Gozzard David R, Wallis John S, Frost Alex M, Collier Joshua J, Maron Nicolas, Dix-Matthews Benjamin P, Vinsen Kevin
International Centre for Radio Astronomy Research, The University of Western Australia, Crawley, WA 6009, Australia.
Australian Research Council Centre of Excellence for Engineered Quantum Systems, Department of Physics, The University of Western Australia, Crawley, WA 6009, Australia.
Sensors (Basel). 2025 Sep 1;25(17):5395. doi: 10.3390/s25175395.

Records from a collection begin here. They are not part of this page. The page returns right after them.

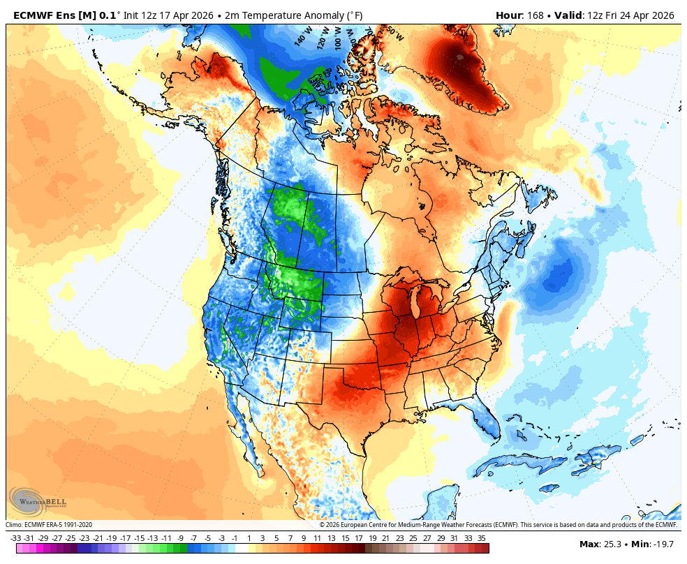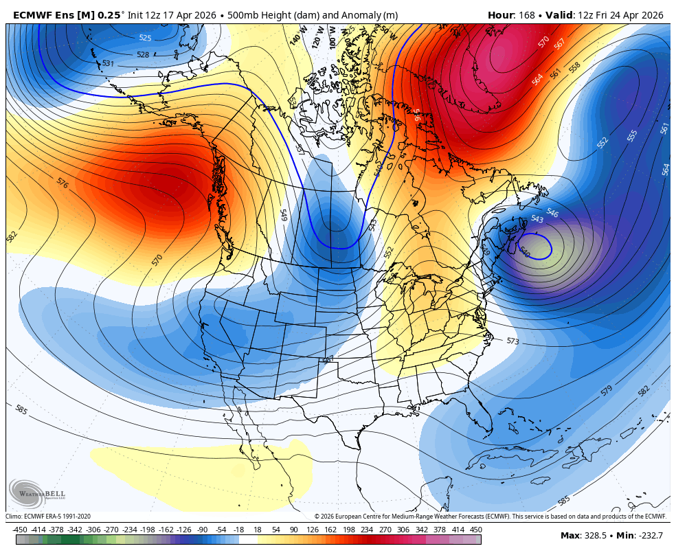 Temps surge back toward the 70s by Tuesday and may hit the 80s later next week before large scale hemispheric pattern changes show up in the closing days of April and early May. Watch how a trough looks to get established across the eastern half of the country during this time…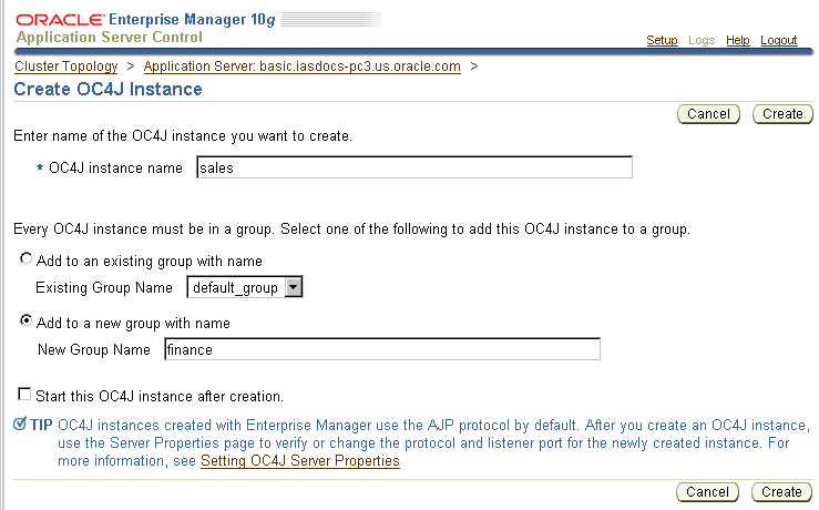 詳細は、『Oracle Containers for J2EE構成および管理ガイド』の「クラスタおよびOC4Jグループの構成と管理」を参照してください。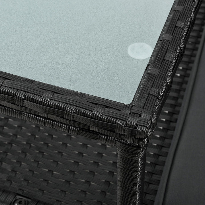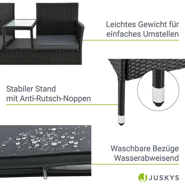 Ausgestattet mit weichen Polstern sowie hohen Arm- und Rückenlehnen bietet die Sitzgarnitur einen perfekten Komfort. Zwischen den zwei Plätzen befindet sich ein kleiner Abstelltisch mit einer 5 mm stabilen Glasplatte. Hier platzieren Sie ein kühles Getränk an einem warmen Sommertag.
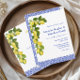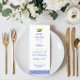 Le menu Limone, qui fait partie de la collection Limone Mariage Stationnaire, capture magnifiquement l'essence d'une célébration d'inspiration italienne, combinant le zeste lumineux des citrons à l'élégance intemporelle des carreaux de mosaïque bleue. L'arrière - plan est doté d'un riche motif en mosaïque bleue profonde, rappelant la céramique italienne traditionnelle qui apporte une touche de sophistication et de charme d'antan, et d'un motif citron jaune vif, avec des feuilles verts luxuriants, ajoutant une touche fraîche et vibrante. Personnalisez facilement ce menu sur la page principale.

We present the use of a light-weight machine learning (ML) model to estimate the separation and relative brightness of two incoherent light sources below the diffraction limit. We use a multi-planar light converter (MPLC) to implement spatial mode demultiplexing (SPADE) imaging. The ML model is trained, validated, and tested on data generated experimentally in the laboratory. The ML model accurately estimates the separation of the sources to up to two orders of magnitude below the diffraction limit when the sources are of comparable brightness, and provides accurate sub-diffraction separation resolution even when the sources differ in brightness by four orders of magnitude. The present results are limited by cross talk in the MPLC and support the potential use of ML-assisted SPADE for astronomical imaging below the diffraction limit.
我们展示了使用轻量级机器学习(ML)模型来估计低于衍射极限的两个非相干光源的间距和相对亮度。我们使用多平面光转换器(MPLC)来实现空间模式解复用(SPADE)成像。该ML模型在实验室通过实验生成的数据上进行训练、验证和测试。当光源亮度相近时,该ML模型能够准确估计光源间距至低于衍射极限达两个数量级,并且即使光源亮度相差四个数量级时也能提供准确的亚衍射间距分辨率。目前的结果受到MPLC中串扰的限制,并支持ML辅助的SPADE在低于衍射极限的天文成像中的潜在应用。